Wednesday, May 15, 2013
There is a very nice, lauditory article on Kenneth Feinberg in the New York Times today: "One Man Disperses Charity After Tragedy in Boston."
The interesting thing about the compensation funds Feinberg is often asked to run are the way they bring distributive justice issues that are always imbedded in tort litigation to the surface. How should people with similar injuries be compensated when they have different life circumstances? Should weathier people receive less (or more) compensation than poorer people with similar injuries? Should emotional harm be compensated? What about fraud, the flip side of desert? These questions arise in ordinary tort litigation and in mass tort litigation as well. What any fund, whether created by an insurance company, a mass tort litigation, a charitable foundation or the government can do that ordinary decentralized tort litigation cannot is treat similarly situated people equally, which is the promise of the common law maxim that like cases ought to be treated alike and the foundation of the rule of law. But that raises difficult questions about what it means to treat people alike who are different from one another but suffered similar injuries.

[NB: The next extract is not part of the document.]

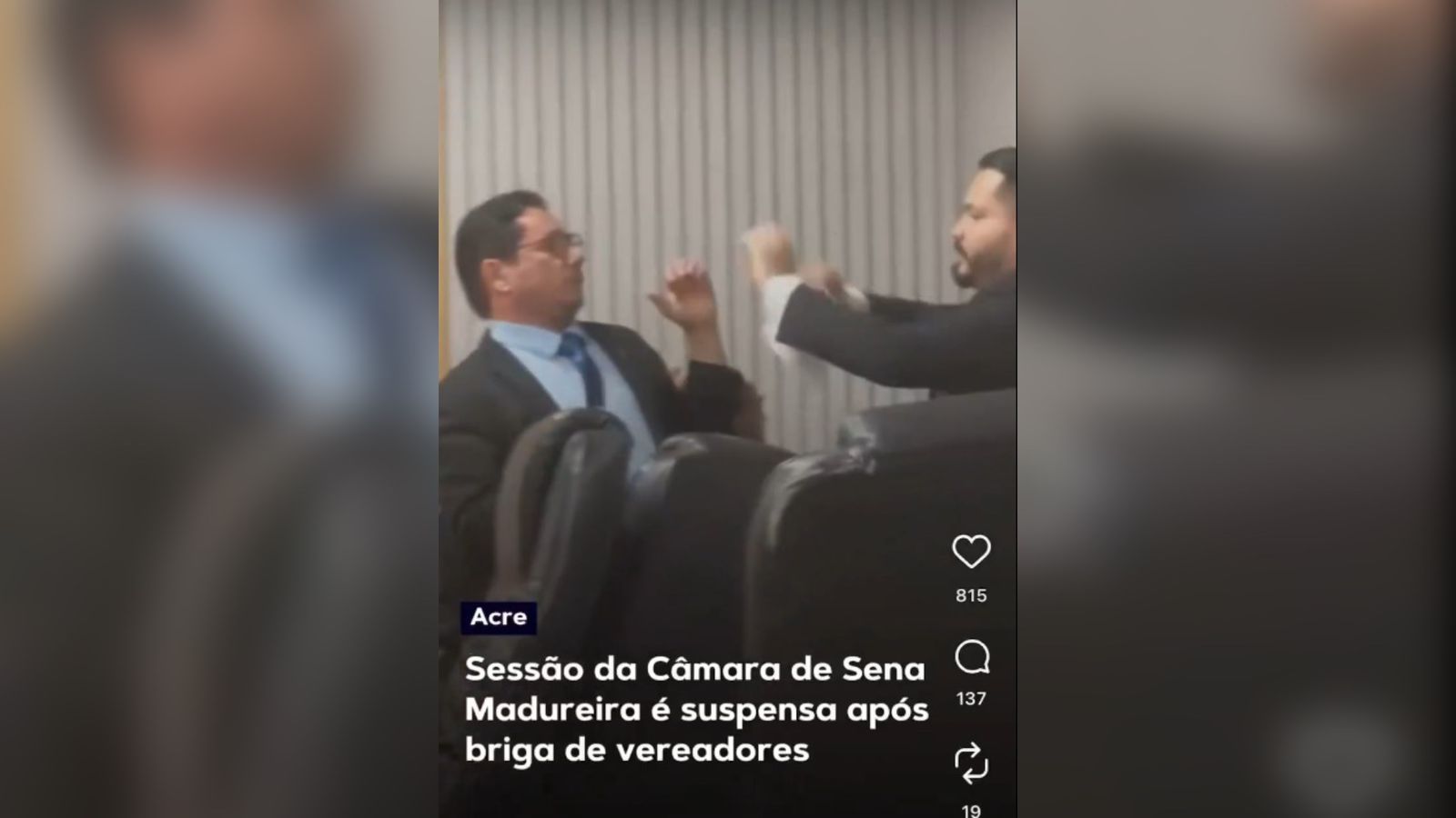 Uma sessão da Câmara Municipal de Sena Madureira, no Acre, foi suspensa nesta terça-feira (7) após uma briga entre vereadores durante os trabalhos. A confusão começou quando Maycon Moreira, ao discursar na tribuna, fez críticas pessoais ao colega Denis Araújo, afirmando que ele “não tinha talento” e mencionando suposta investigação sobre distribuição de medicamentos durante a pandemia de COVID-19.

Perhaps because these funds aren't governed by legal prinicples but instead by charitable ones, the issues of distributive justice, luck and social inequality are easier to discuss. There is no legally imposed baseline of how compensation is to be awarded, so this opens up our thinking about how things ought to be. These are the fundamental philosophical issues of tort law in the United States, and decision-maker's philosophy affects how the law and non-legal funds (like the One Fund Boston) operate in real life. Should these funds track the tort system? The 9/11 fund kind of did (not completely), and in his book "What is Life Worth?" Feinberg notes that he would have preferred to pay everyone a flat amount rather than distinguish based on earning capacity and other factors that end up reflecting societal inequalities. The tort system presently often reinforces existing social inequalities in compensation, should it? Similarly, as PTSD on the military side has become more recognized as disabling, will we reach a point where emotional trauma receives more recognition on the civil justice side as well?
Also notable, the article points out that the number of funds has accelerated in the 21st century. According to the article, between 1984 and 2010 Feinberg worked on five such funds, since then he's worked on five more.